But I will gather thee indeed, O Jacob, and drive the remnant of Israel all together. I shall carry them one with another, as a flock in the fold and as the cattle in their stalls, that they may be disquieted of other men.
Who so breaketh the gap, he shall go before. They shall break up the port, and go in and out at it. Their king shall go before them, and the Lord shall be upon the head of them.
AV:
If a man walking in the spirit of falsehood do lie, saying, I will prophesy unto thee of wine and of strong drink, he shall even be the prophet of this people.
I will surely assemble, O Jacob, all of thee: I will surely gather the remnant of Israel; I will put them together as the sheep of Bozra, as the flock in the midst of the field.

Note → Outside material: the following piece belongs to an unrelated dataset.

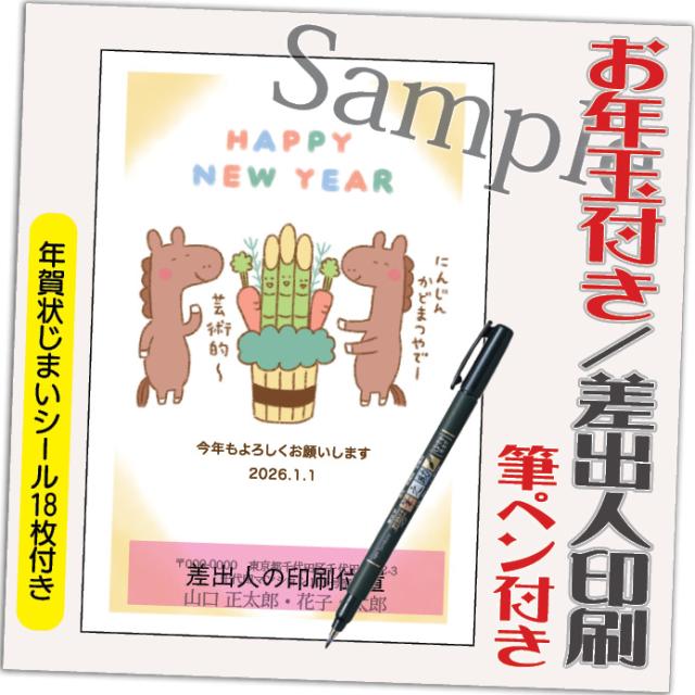 年賀状 年賀はがき 4枚 お年玉付き 年賀状じまいシール付 筆ペン付き 2026年 差出人印刷込み(デザイン:HA100) うま 馬 午年 かわいい イラスト

They shall make great noise by reason of the multitude of men. The breaker is come up before them. They have broken up, and have passed through the gate, and are gone out by it, and their king shall pass before them, and the Lord on the head of them.
NEB:
If anyone had gone about in a spirit of falsehood and lies, saying, ‘I will rant to you of wine and strong drink’, his ranting would be what this people like.
I will assemble you, the whole house of Jacob;
I will gather together those that are left in Israel.
I will herd them like sheep in a fold,
like a grazing flock which stampedes at the sight of a man.
So their leader breaks out before them,
and they all break through the gate and escape,
and their king goes before them,
and the Lord leads the way.
Here we can trace a total deterioration in the quality of the translation, significantly in inverse proportion to the degree of scholarly knowledge the translators possess. In verse 11 the Hebrew reads literally like this: ‘Man walking spirit and-falsehood he-lies I-will-prophesy to-you of-wine and-strong-drink and-he-will-be prophet this-people.’ Coverdale's is clearly the furthest from this in word-for-word accuracy, but much the closest in tone. The Authorized Version only manages to hint at the irony of tying the gift of prophecy to drunkenness, and has none of the relish of Micah's sarcastic thrust at the end of the verse—which Coverdale's ‘Oh that were a prophet for this people’ conveys so well. The New English Bible fares worse. Aware that the verb is not the normal one used for ‘prophesy’—nātap instead of nābā’—it goes for a more semantically accurate rendering, to ‘rant’. The result is nonsense, because it has the false prophet actually telling the people that he is a ranter—possibly an effective plea to some seventeenth-century Puritans, but one scarcely persuasive to a twentieth-century audience.
In verses 12-13 Coverdale sustains the metaphor of the people as a flock of sheep or herd of cattle more coherently than does the Authorized Version. In the latter ‘the breaker is come up before them’ is unnecessarily obscure when set against the straight-forwardness of Coverdale's ‘who so breaketh the gap, he shall go before’. The New English Bible keeps the metaphor's coherence too, but loses its cumulative effect: ‘their leader breaks out before them’ gives the game away too soon. The king is king from the start; in Coverdale's version, the king only becomes king because he is the first one to break through the gap.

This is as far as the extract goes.